Data provided:
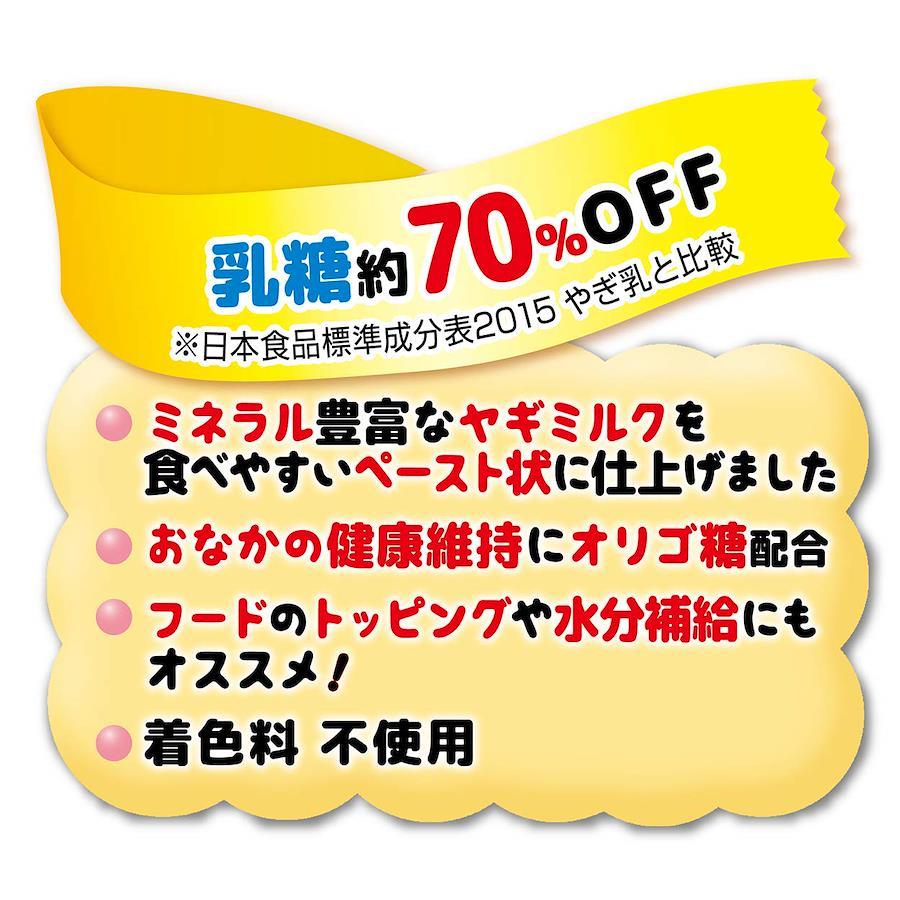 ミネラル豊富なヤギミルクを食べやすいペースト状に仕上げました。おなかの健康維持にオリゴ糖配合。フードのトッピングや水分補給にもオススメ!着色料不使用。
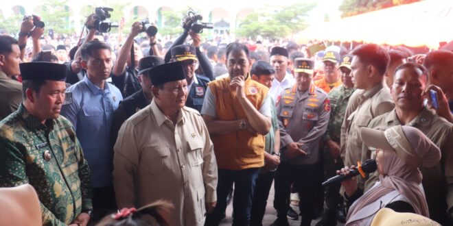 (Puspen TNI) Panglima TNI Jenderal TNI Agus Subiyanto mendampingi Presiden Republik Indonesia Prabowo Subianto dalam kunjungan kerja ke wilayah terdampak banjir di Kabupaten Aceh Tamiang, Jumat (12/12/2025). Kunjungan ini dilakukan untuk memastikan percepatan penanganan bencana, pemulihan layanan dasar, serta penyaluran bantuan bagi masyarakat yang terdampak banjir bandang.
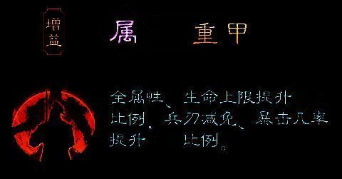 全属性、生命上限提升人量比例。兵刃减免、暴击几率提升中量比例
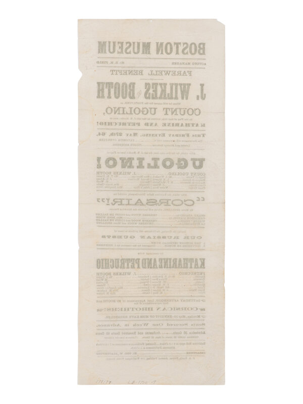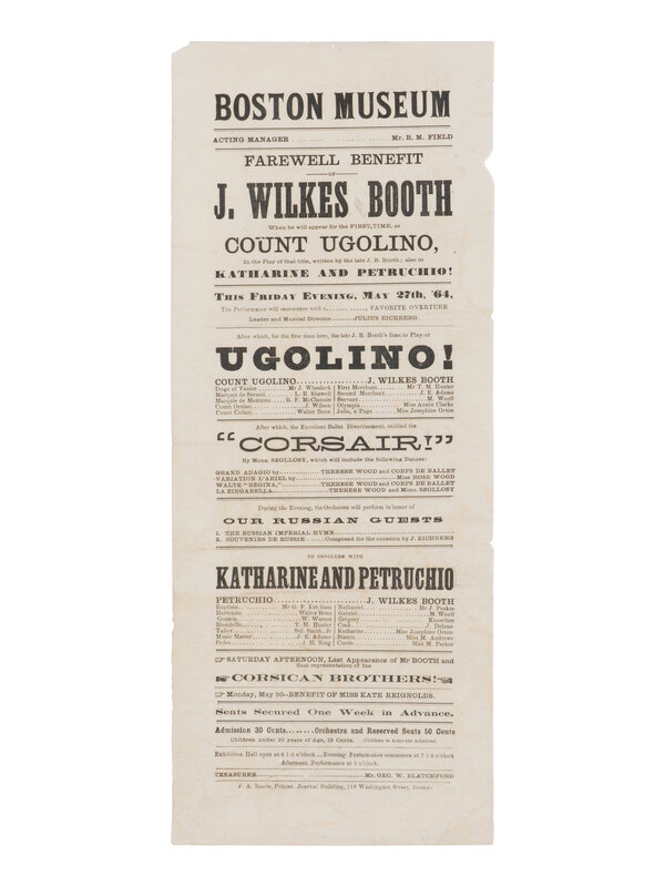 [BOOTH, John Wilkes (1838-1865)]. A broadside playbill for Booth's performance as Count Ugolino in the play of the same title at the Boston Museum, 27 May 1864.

Assignment: Retype the data above verbatim, minus images.

Solved exercise:
 ミネラル豊富なヤギミルクを食べやすいペースト状に仕上げました。おなかの健康維持にオリゴ糖配合。フードのトッピングや水分補給にもオススメ!着色料不使用。
 (Puspen TNI) Panglima TNI Jenderal TNI Agus Subiyanto mendampingi Presiden Republik Indonesia Prabowo Subianto dalam kunjungan kerja ke wilayah terdampak banjir di Kabupaten Aceh Tamiang, Jumat (12/12/2025). Kunjungan ini dilakukan untuk memastikan percepatan penanganan bencana, pemulihan layanan dasar, serta penyaluran bantuan bagi masyarakat yang terdampak banjir bandang.
 全属性、生命上限提升人量比例。兵刃减免、暴击几率提升中量比例
 [BOOTH, John Wilkes (1838-1865)]. A broadside playbill for Booth's performance as Count Ugolino in the play of the same title at the Boston Museum, 27 May 1864.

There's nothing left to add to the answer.